Deltan Dallagnol
A corrupção vende ilusões. No espelho, o Brasil se enxergava mais bonito do que era, mas a Lava Jato revelou uma dura realidade. A cada mês, pencas de novos políticos e empresas são implicados, de diferentes partidos e setores. Grande parte da elite política e boa parte da elite econômica se uniram para lucrar e manter o poder por meio da corrupção. Fazer política e ser amigo do "rei" se tornou um excelente negócio no país.
Além de enriquecerem juntos, os grandes corruptos sempre se protegeram, desde que o Brasil é Brasil, e não se deixaram punir. A explicação é simples: o mecanismo da punição é a lei. Os donos do poder garantem sua própria impunidade porque influenciam tanto o conteúdo da lei como quem a aplica. Olhando para além do espelho, observam-se distorções na percepção de níveis de igualdade, democracia e estabilidade política no Brasil.
A República evoca a ideia do governo "entre iguais". Igualdade perante a lei existe no papel, mas na realidade estamos presos à máxima de Maquiavel: "Aos amigos os favores, aos inimigos a lei". Quando circunstâncias históricas excepcionais violam a proibição de prender criminosos da elite, os Poderes são conclamados a restabelecê-la.
O Supremo é demandado a rever posições – alguém altera seu voto –, pois é preciso mudar para que tudo fique igual. O governo então se move para drenar a equipe policial, até que ela se torne infrutífera. O Congresso avança projetos para "estancar a sangria". É necessário sufocar a rebelião da lei contra o establishment. Outra ilusão é a de que há, no Brasil, uma democracia substancial.

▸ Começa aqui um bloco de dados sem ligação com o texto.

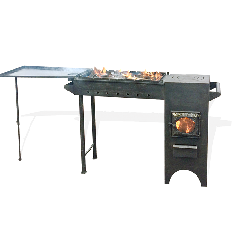 Кухня-мангал - легко разбирается и собирается, что тоже немаловажно. На зимний период его можно убрать на хранение. В разобранном состоянии кухня-мангал занимает мало места. Мангал изготовлен из высококачественного металла толщиной 3-6 мм 09Г2С ГОСТ 19281-2014 (в быту эту сталь еще называют «котловой»). Покрыт жаропрочной краской. Удобен в эксплуатации, многофункционален.

O povo escolhe seus representantes, mas, no mar de candidatos, desponta quem aparece mais. Aparece mais quem gasta mais. Gasta mais, frequentemente, quem desvia mais. A "seleção natural" faz com que os corruptos tendam a sobreviver na política. A Lava Jato revelou que partidos receberam mais em propinas do que em verbas do fundo partidário. A sociedade se tornou prisioneira de um sistema corrupto.

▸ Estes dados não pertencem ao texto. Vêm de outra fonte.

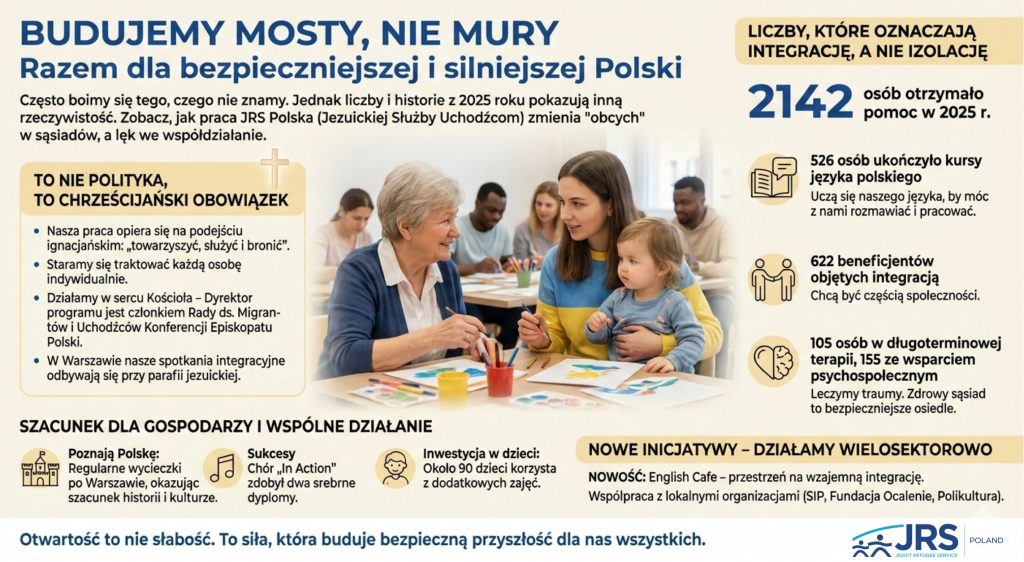 Początek roku jest dobrym momentem żeby spojrzeć wstecz. A jest na co! W minionych 12 miesiącach JRS Polska stworzyło przestrzeń spotkania, rozmowy, bliskości i wsparcia dla wielu, wielu osób. I nie liczby są najważniejsze. Za każdą z nich kryje się bowiem konkretna osoba, która ma imię, twarz, historię. jesteśmy bardzo wdzięczni, że możemy towarzyszyć każdej z tych osób. JRS Polska jest właśnie dla migrantów oraz uchodźców, którzy takiego spotkania szukają!

Como consequência, aqueles que deveriam representar a população se ocupam de agradar as grandes empresas em troca de leis, subsídios e contratos públicos. Por fim, a estabilidade política, necessária para a economia prosperar, revelou-se precária. Em troca dela, o país é chantageado a aceitar a corrupção dos donos do poder.

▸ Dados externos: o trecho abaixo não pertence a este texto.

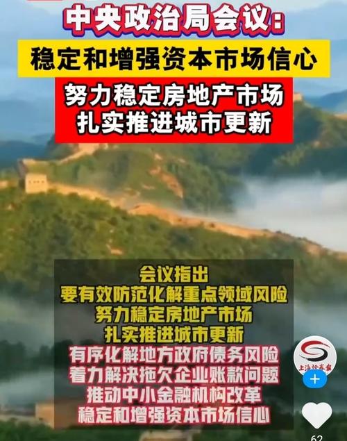 $保利发展(SH600048)$老乡别跑,还有利好! 会议指出,要有效防范化解重点领域风险。努力稳定房地产市场,扎实推进城市更新。有序化解地方政府债务风险,着力解决拖欠企业账款问题。推动中小金融机构改革,稳定和增强资本市场信心

A chave para a recuperação econômica é usada como moeda de troca, para garantir a impunidade dos grandes corruptos e a continuidade dos esquemas. Vende-se uma dupla ilusão. A estabilidade é falsa. Seus pilares estão corroídos, apodrecidos, prontos a desmoronar a cada próximo escândalo. Além disso, estudos internacionais mostram que a corrupção sistêmica é incompatível com o desenvolvimento econômico e social.
A corrupção suga, por meio de mais e mais impostos, a energia da produção brasileira e, por meio de mais e mais desvios, a qualidade do serviço público. O país está desiludido, mas o problema não está na descoberta da ilusão. É a realidade que está distorcida. Ao mesmo tempo, o Brasil vive uma grande chance de se reconstruir sobre novas bases.
A lei não precisa se ajoelhar diante dos barões; o país não tem que caminhar sobre uma ponte instável; a população não está condenada a ser governada pela cleptocracia. Este é o momento para ir além da mera alternância no poder dos corruptos de estimação -ou dos menos rejeitados. É preciso coragem e perseverança, insistindo em reformas que, em meio a indesejáveis dores do parto, possam nos trazer um novo Brasil.
Podemos e desejamos eliminar a grande corrupção e alcançar mais igualdade, estabilidade e democracia. É essa a bela imagem que desejamos ver no espelho, mas não na forma de uma ilusão.